Victims and families of those mentioned in the report attended the conference, where they were given the opportunity to talk about their struggle for truth and justice. “When will the president investigate in our cases, and when will he make our dreams come true?” Mary Daniel asked.

Said Haddadi, researcher at the MENA programme, discussed the Agents of Repression report. He said the goal of the report was not only to draw attention to cases of abuse.
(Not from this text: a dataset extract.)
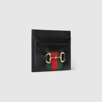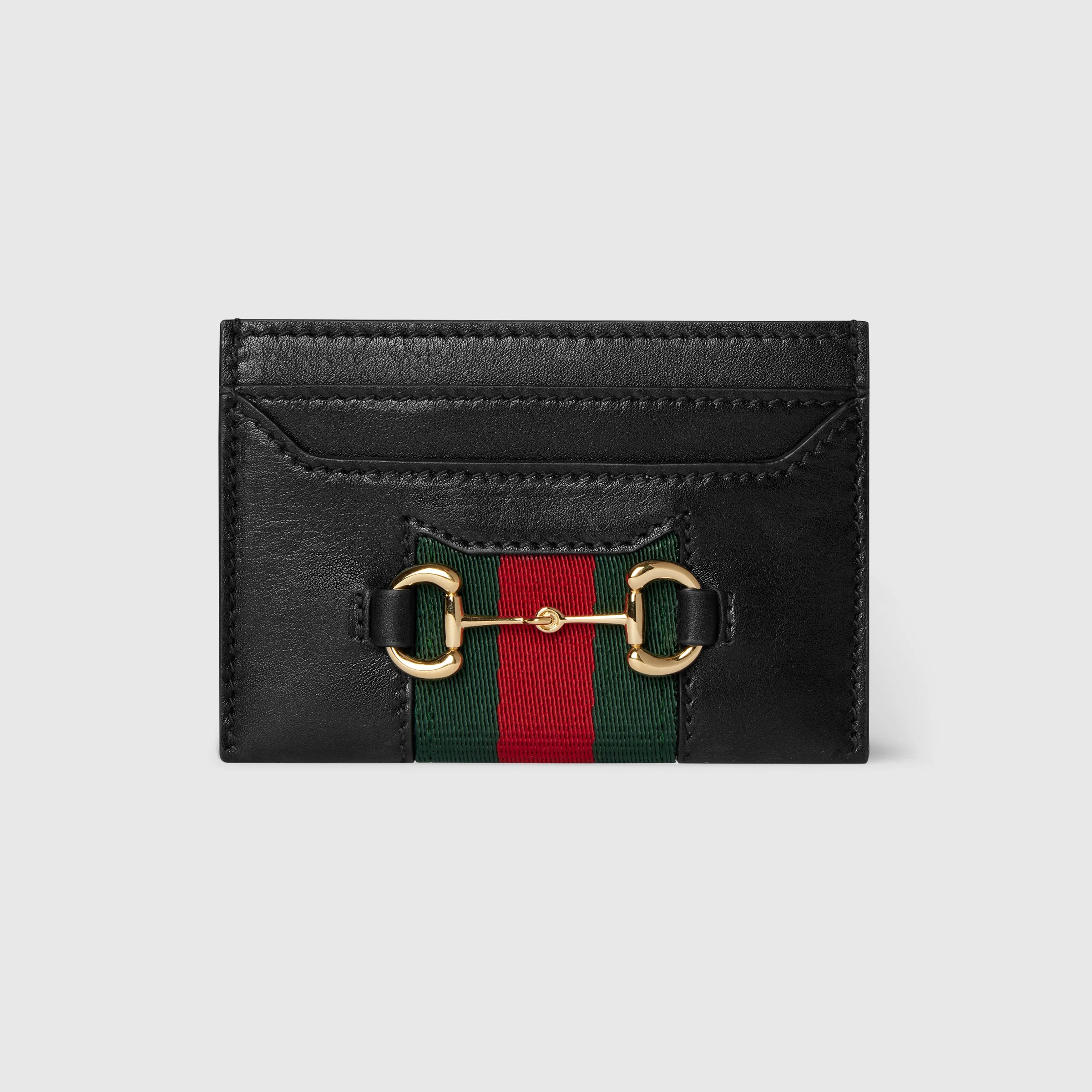 Introducing Spring Summer 2026. New small leather goods designs pay tribute to the Horsebit, pairing the emblematic hardware detail with a Web stripe for a touch of retro-inspired elegance. This style is crafted from soft leather. - Black soft refined leather - Gold-toned hardware - Black fabric lining - Horsebit, Web, and Made in Italy by Gucci logo - 3.9"W x 2.8"H - Weight: 1oz approximately - Made in Italy

For many years the Egyptian people perceived the police as a body to be avoided, rather than an institution to resort to for protection, highlighting the need for reform of the police force.

Karim Medhat, researcher in the Criminal Justice Unit at Egyptian Initiative for Personal Rights discussed various police abuse incidents and outlined his organisation work  to provide legal assistance to families of abuse victims.

Hassiba Hadj Sahraoui, deputy director of Amnesty’s Middle East and North Africa (MENA) programme, said the organisation hopes to meet with the Ministry of Interior Affairs, the Ministry of Justice and the public prosecutor. “We have not yet received an answer, from the office of President Morsy, to the memorandum addressed to his office”, she said.

Sahraoui was disappointed by the delayed reply from the president’s office, “because Amnesty International took action on behalf of Mohamed Morsy when he was arrested in 2006 and later in January 2011, when he was arrested again.”

Sahraoui said Amnesty also hopes the authorities will grant access to United Nation experts so they could together develop an agenda for change, having human rights at the center of the reform.

Amnesty provided Egyptian authorities with advance copies of the reports.